This package finds out if a string is real language or just nonsense. it returns a boolean, and you can tweak its sensitivity or exclude certain words.
It might be good for:
- Checking which files have human readable names.
- Checking if a string is good to be used as a title for an entry.
- Comparing two dodgy strings and seeing which is better.
Simple example:
const isGibberish = require('is-gibberish')
console.log(isGibberish('Hello there!'))
// false
console.log(isGibberish('asfafasfasfafg'))
// true
Here's a more advanced example that finds filenames that make no sense:
const isGibberish = require('is-gibberish')
// Get your data, this can be anything, in this case it happens to be a large
//array filenames.
const filenames = require('./filenames')
const OPTIONS = {
// These are totally English, silly robot.

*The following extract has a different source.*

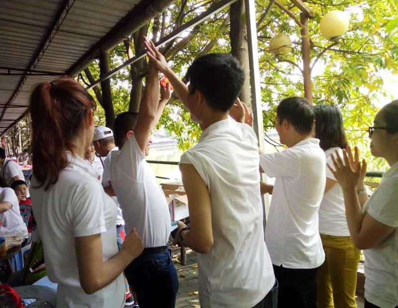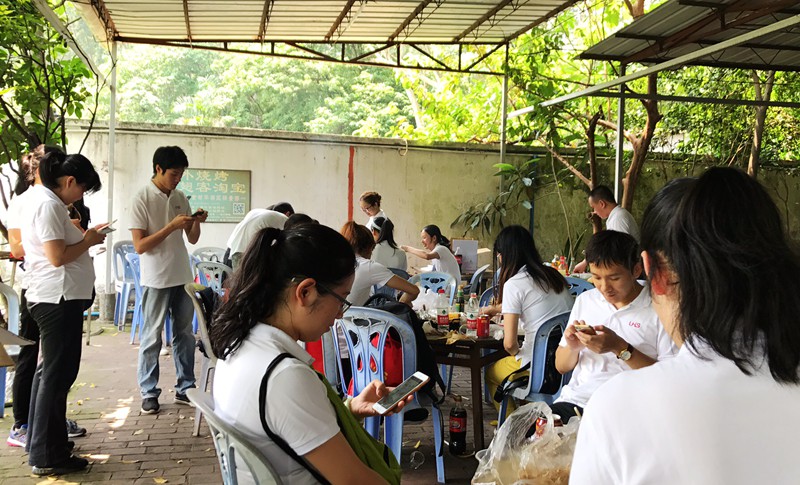 中午12点半,大伙相继下山于烧烤店会合。领导们在烧烤期间还不忘来一波微信发红包福利,大家吃得开心,抢得顺心。烧烤期间还进行了才艺比拼,最终出得厅堂入得厨房的客服MM的烤肉获得一致好评。下午2点多,在把桌面的食材扫荡完后,大家合影留念,各回各家,各找各节目……

exclude: ['hmmmmmmmmmm', 'javascript-02', 'lolnoob'],
// Play with this value to see changes in the returned array.
sensitivity: 0.111
}
const badFilenames = filenames
.map(filename => (isGibberish(filename, OPTIONS) ? filename : undefined))
.filter(Boolean)
console.log(JSON.stringify(badFilenames, null, 2))
console.log(
`There is a total of ${filenames.length} filenames
of which ${badFilenames.length} is gibberish`
)
You can find the above example from the examples
dir of this repo. If you want to play with it, just clone this repo and run npm run example
.
By default it returns a boolean, but it can be configured to return the score, also, if some more advanced comparing is needed:
const isGibberish = require('is-gibberish')

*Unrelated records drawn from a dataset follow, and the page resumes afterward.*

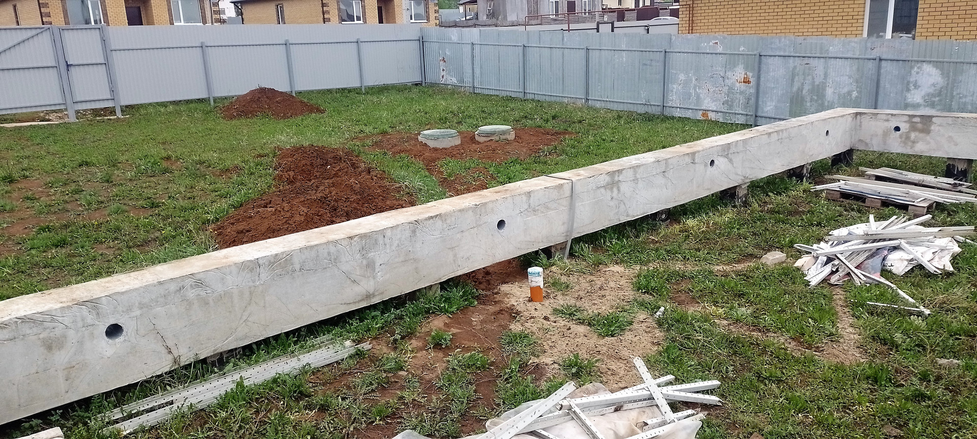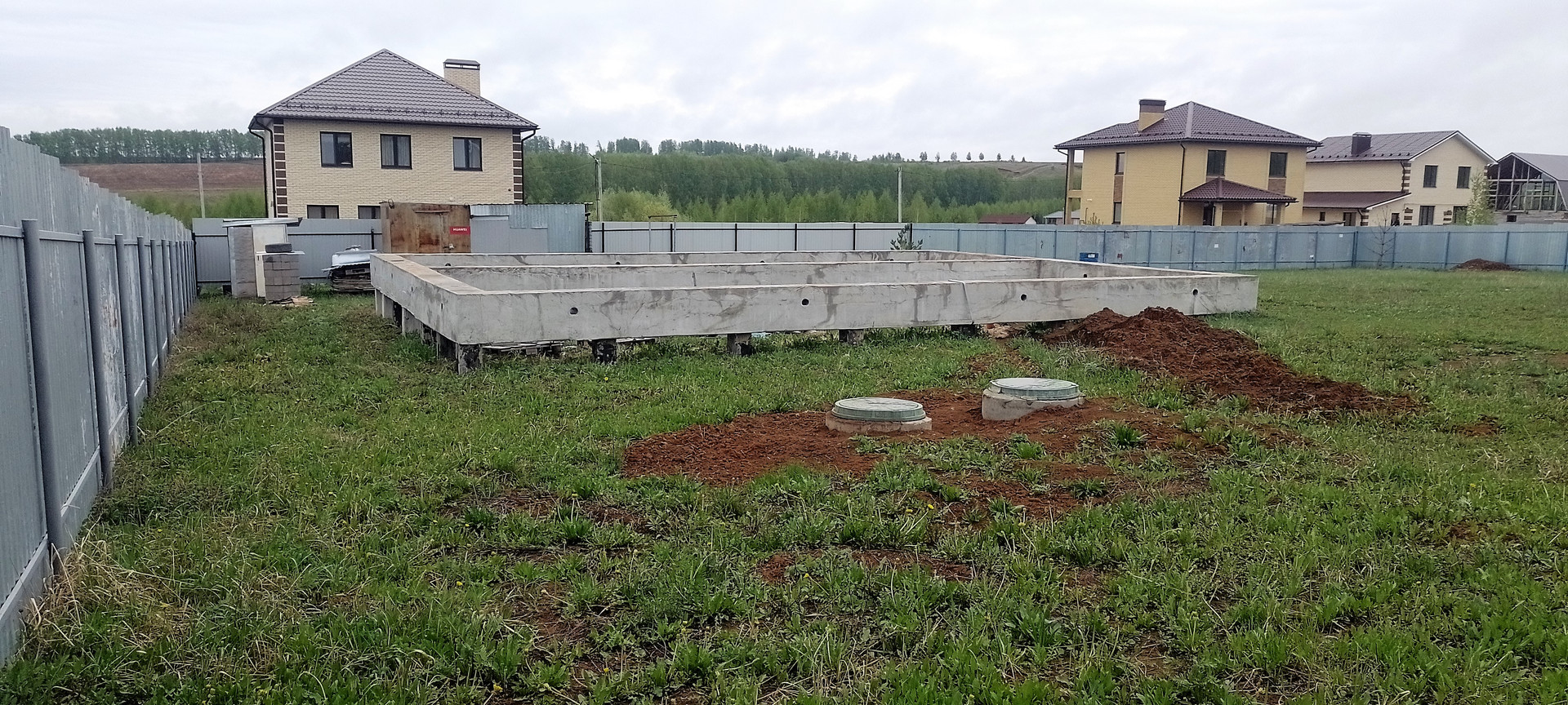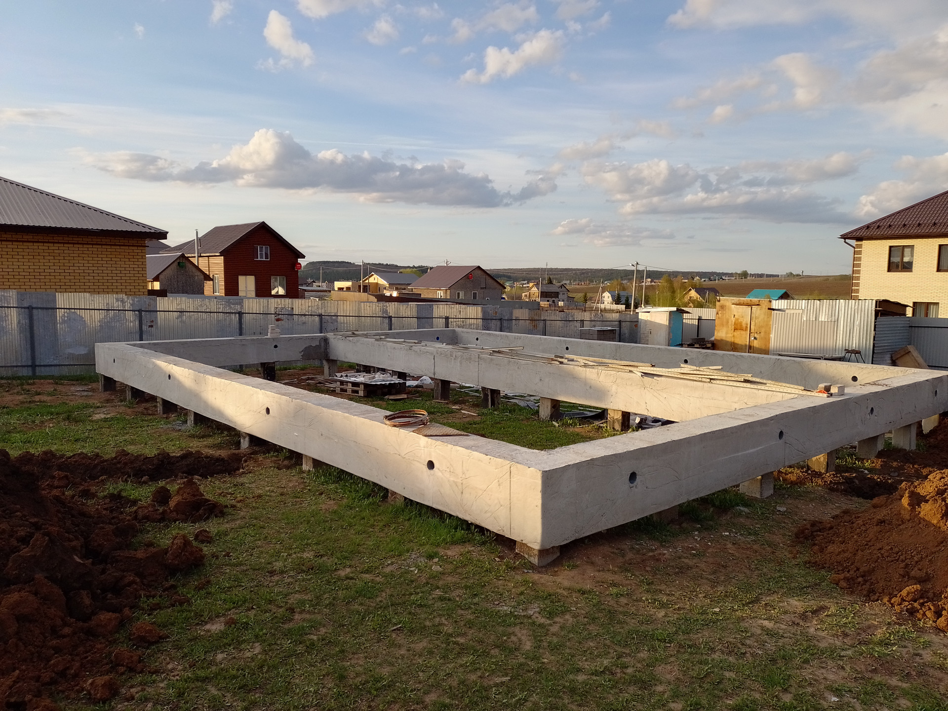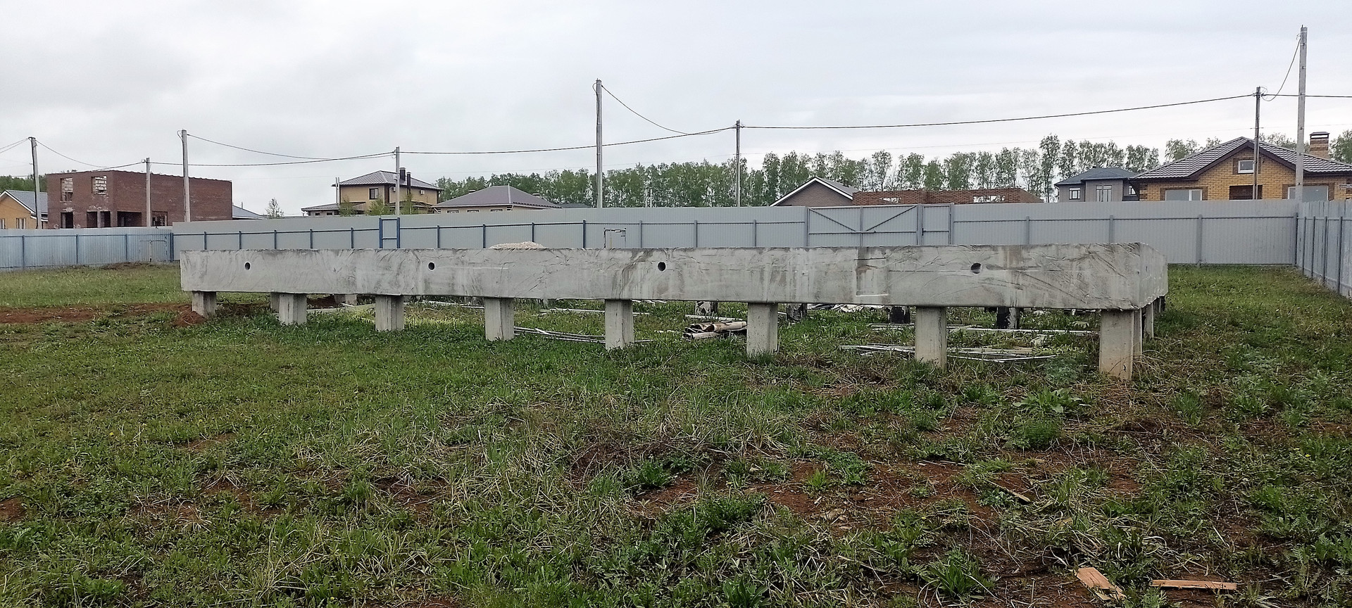 На одном из участков стоит фундамент (ленточный ростверк на буронабивных сваях), собирали и заливали тоже сами летом 21г. В данной местности грунт очень плотный, суглинок, соответственно пучинистый,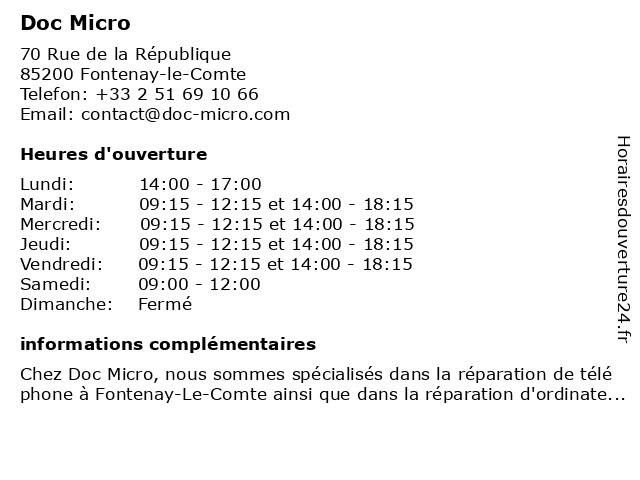 | Mardi | 09:15-12:15 et 14:00-18:15 |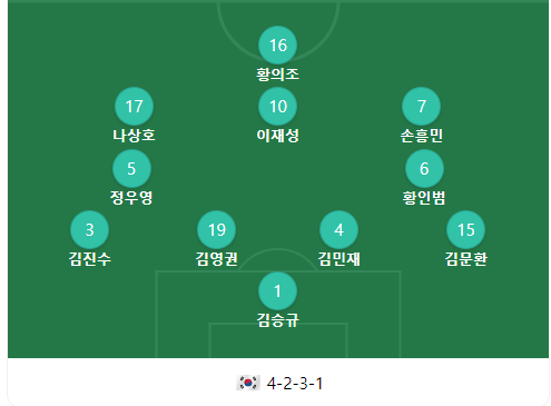 선발 출전 명단은 황의조, 나상호, 이재성, 손흥민, 정우영, 이재성, 황인범, 김진수, 김영권, 김민재, 김문환, 김승규입니다.

const OPTIONS = { returnScore: true }
const string1 = isGibberish('lolnoob', OPTIONS)
const string2 = isGibberish('lolwut', OPTIONS)
console.log('`string1` makes this much sense:', string1)
console.log('and `string2` this much:', string2)
Returns: boolean|number
input
Type: string
options.exclude
Type: array
Exclude from analysis and always return false
. These are the exceptions that you know are not real words, but you’d still like to classify as real words.
options.sensitivity
Type: number
Default: 0.111
How sensitive the match is. Lower the number, the more forgiving it is. Through quasi experimental research done in my research laboratory, I'd say 0.111 is good value to start with.
This is just a thin convenience wrapper around languagedetect
package.